Research Question: This paper investigates the trend and flow of foreign direct investments (FDI) in emerging markets, with the focus on FDI in Serbia in comparison with akin countries from the region. Motivation: FDI is an important factor of growth and prosperity in developing countries. It largely influences trade, productivity, and economic development of a receiving country. Based on UNCTAD’s World Investment Report of 2019, the share of global FDI in developing countries was 54 per cent, which was a record. Recently, Serbia has been recognized as one of the most popular destinations for FDI in Southeastern Europe. This motivated us to analyze the chances and possibilities of enlargement of FDI in Serbia, as well in other Balkan countries. Idea: The main idea of the paper is to analyze and estimate time series of FDI net inflows for Serbia. We strive to investigate whether FDI demonstrates the durable growth in the future period of time. Furthermore, we compare the state of Serbian FDI with the former Yugoslav countries, in search for disparities or similarities. Data: We observed the FDI net inflows that are measured in current US dollars, while the data were retrieved from the World Bank database. The earliest available time point is 1992, while the latest available year of observation is 2018. Tools: We estimated the FDI net flow time series using a list of suitable ARIMA models, and we have chosen the best model fit among them using AIC and BIC criteria. Findings: We have found that Serbia and North Macedonia show a mild growth in future investments. A significant percentage of the cumulative FDI inflows from EU companies have been invested precisely in Serbia, while in North Macedonia, fostering FDI has been promoted as one of the main instruments for employment and economic development. Oher Yugoslav countries tend to stagnate in the future period, which is in literature called a negative ‘Western Balkans’ effect on FDI. Contribution: Findings of the mild growth in FDI inflows in Serbia and North Macedonia contribute to the policy of attracting the FDI inflows in the countries of Southeastern Europe.

Author Biographies

Marina Dobrota, University of Belgrade, Faculty of Organizational Sciences, Serbia

Marina Dobrota is an Associate Professor at the Faculty of Organizational Sciences, University of Belgrade, where she completed her PhD thesis in the field of Operational Research and Computational Statistics. She has published more than 70 research papers in scientific journals, conference proceedings, or monographs, both international and national. Her research focus is in Composite Indicators, Econometric Modelling, and Data Science. Her research interests include Statistical inference, Data Analysis, Data Mining, and Time Series Analysis.

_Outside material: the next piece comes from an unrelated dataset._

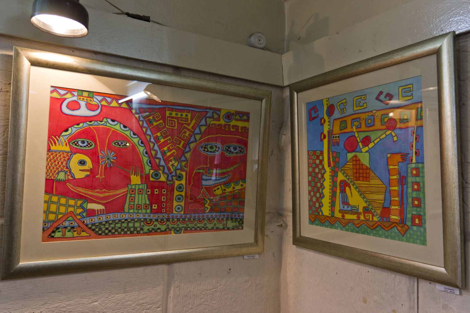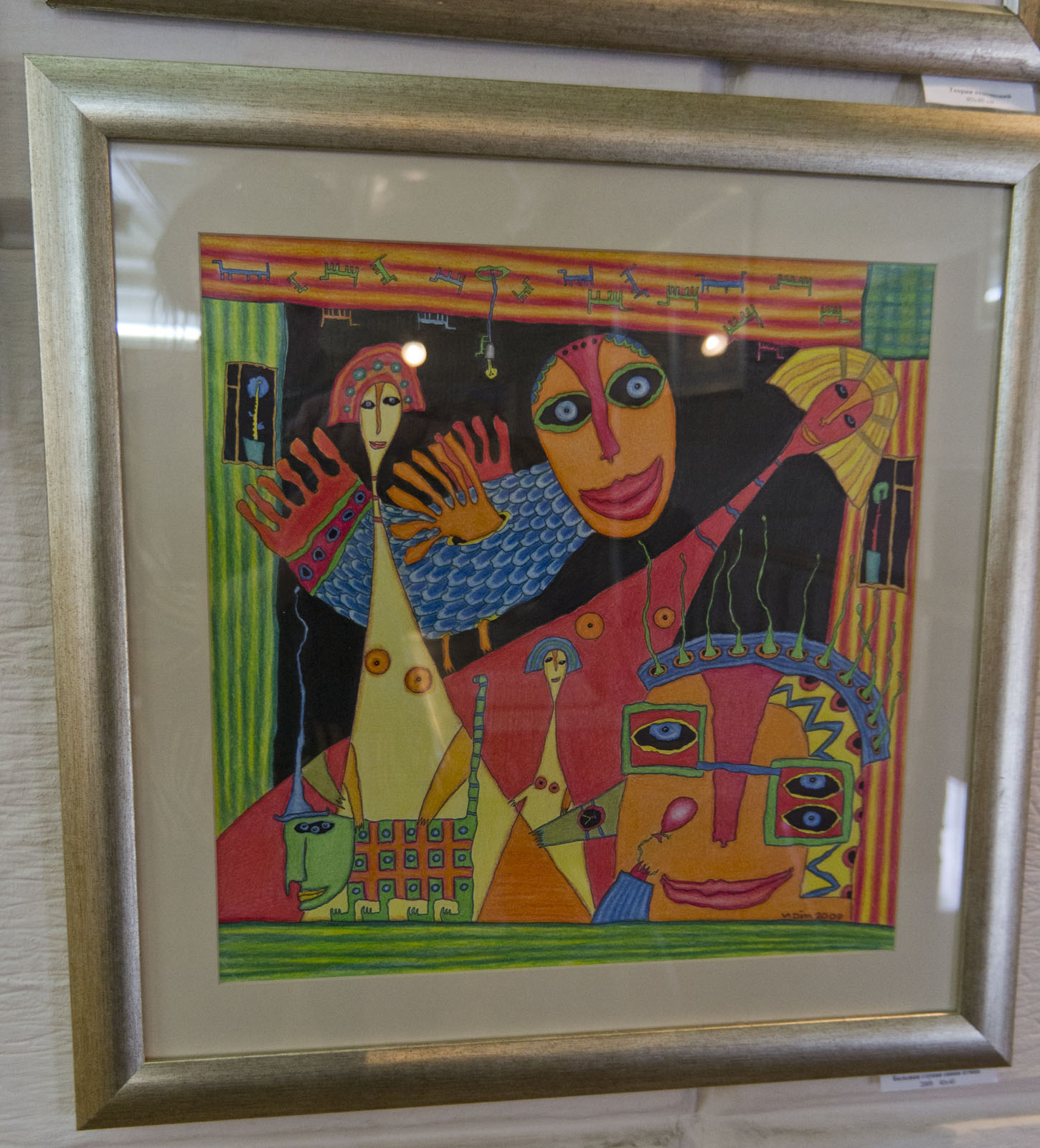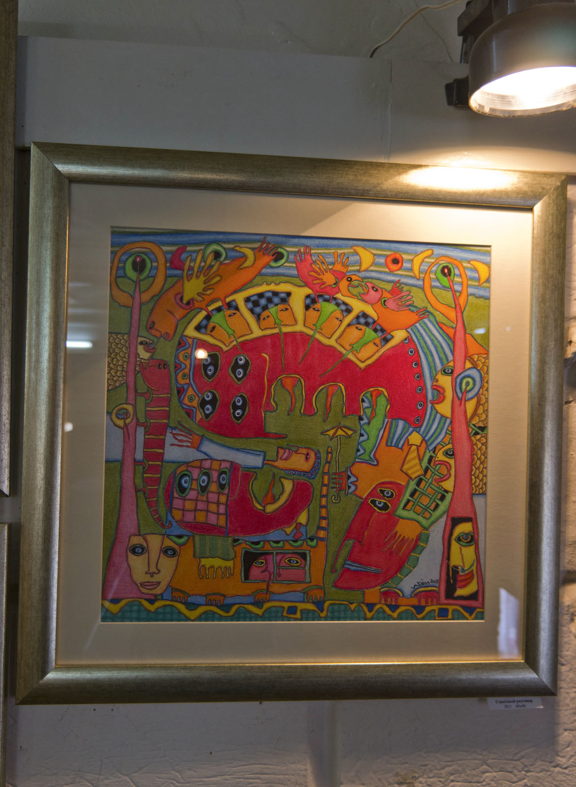 Фото №75140. Двое на красном, 2011, 40х60 /Остановка, 40х40, 2010, Вадим РяховскийКазань. Апрель 2011 Галерея \"Эбиволь\",выставка графики \"Зеленая собака\";Яркие сочные цвета, заполняющие все пространство картины, даются Вадиму с помощью цветных карандашей. Лист ватмана, цветные карандаши, фантазия и непременно хорошее настроение - это все что нужно В.Ряховскому для творчества.

Nikola Zornić, University of Belgrade, Faculty of Organizational Sciences, Serbia

Nikola Zornić is a Teaching Assistant and PhD student at the Faculty of Organizational Sciences, University of Belgrade, Serbia. Nikola’s research interests include business decision making, simulation methods, including, but not limited to agent-based modelling and simulation, Monte Carlo simulation, and business analytics. He is actively using simulation and data analysis software such as NetLogo, Vensim, R.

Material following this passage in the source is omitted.